The long-term equity incentive awards granted in November 2016 by the NECC included two performance metrics:

 

    Cumulative Adjusted Earnings per Share (50%). Adjusted Earnings per Share measures our adjusted earnings divided by the number of diluted shares outstanding. This metric aligns management with shareholders through a shared focus on the earnings that accrue to an investor in our common stock.

 

    Cumulative Free Cash Flow as a percentage of Adjusted Net Sales (FCF % Sales) (50%). The FCF % Sales metric measures the cash we generate as a percentage of adjusted sales. Given the importance that our investors place on free cash flow generation, we included a Free Cash Flow metric in both our annual bonus program and long-term incentive plan. The Free Cash Flow metric in the annual bonus program measures absolute free cash flow delivered by our business, and FCF % Sales in our long-term equity incentive program measures free cash flow relative to net sales, encouraging a sustained focus on maximizing cash flow over the long term.

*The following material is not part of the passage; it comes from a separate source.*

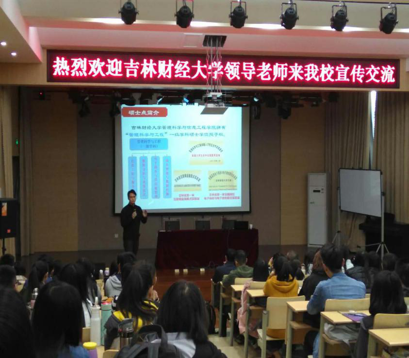 郭新伟院长对姜建华博士一行的到来表示热烈欢迎,介绍了学校和经管学院的办学历史、办学特色、考研工作等方面的基本情况。姜院长介绍了吉林财经大学的基本情况,吉林财经大学是吉林省重点大学,吉林省人民政府与国家税务总局共同建设高校。重点介绍了管理科学与信息工程学院拥有管理科学与工程一级学科硕士学位授予权,下设信息工程与服务管理、数据分析与决策优化、电子商务与供应链管理、商务智能与数据挖掘四个专业,同时对图书情报专业硕士学位的基本情况做了介绍。姜院长展示了吉林财经大学良好科研环境、创新人才培养方式、国际交流合作及校企合作人才培养实践基地建设等内容,分析了研究生招考政策和分享了学院研究生就业方向和岗位。最后,姜院长结合自身实践经验和学院研究成果,详细解答了每一位同学的提问,同学们纷纷表示受益匪浅。

The NECC adopted performance metrics that use non-GAAP financial measures, which exclude certain items that the NECC believes are not reflective of the Company’s on-going operating performance, such as costs related to spin restructuring activities, acquisition and integration costs, and gain on sale of real estate. The NECC believes these performance metrics more accurately reflect Energizer’s underlying financial and operating results. The NECC develops targets for each performance metric included in the annual bonus program and the long-term equity incentive awards to align executive compensation with the achievement of Energizer’s strategic goals as well as the short- and long-term financial objectives that we have communicated to our shareholders.

 

Spotlight—Why is a Free Cash Flow metric used in both our short-term and our long-term incentive plans?

As our investors know, maximizing cash flow is our #1 priority as a business. We believe that free cash flow is important for a number of reasons:

 

    Ability to generate cash flow is a strong indicator of the underlying health of the business

 

    Maximizing cash flow requires performance across a number of different areas:

 

  ¡    Generating net sales

 

  ¡    Expanding gross margins

 

  ¡    Controlling operating costs and corporate overheads
  ¡    Managing capital expenditures

 

  ¡    Improving working capital metrics such as days payable, days receivable and days in inventory
 

 

    Strong cash flow drives long-term shareholder value by allowing us to pursue our balanced approach to capital allocation by continuously reinvesting in our business, returning capital to shareholders through dividends and share repurchase, and pursuing M&A opportunities

We use free cash flow in our annual bonus plan to reward delivery of the cash flow amounts targeted in our annual business plans, and free cash flow as a percentage of sales in our long-term incentive plan to incentivize management to create a business culture that generates strong cash flow year after year.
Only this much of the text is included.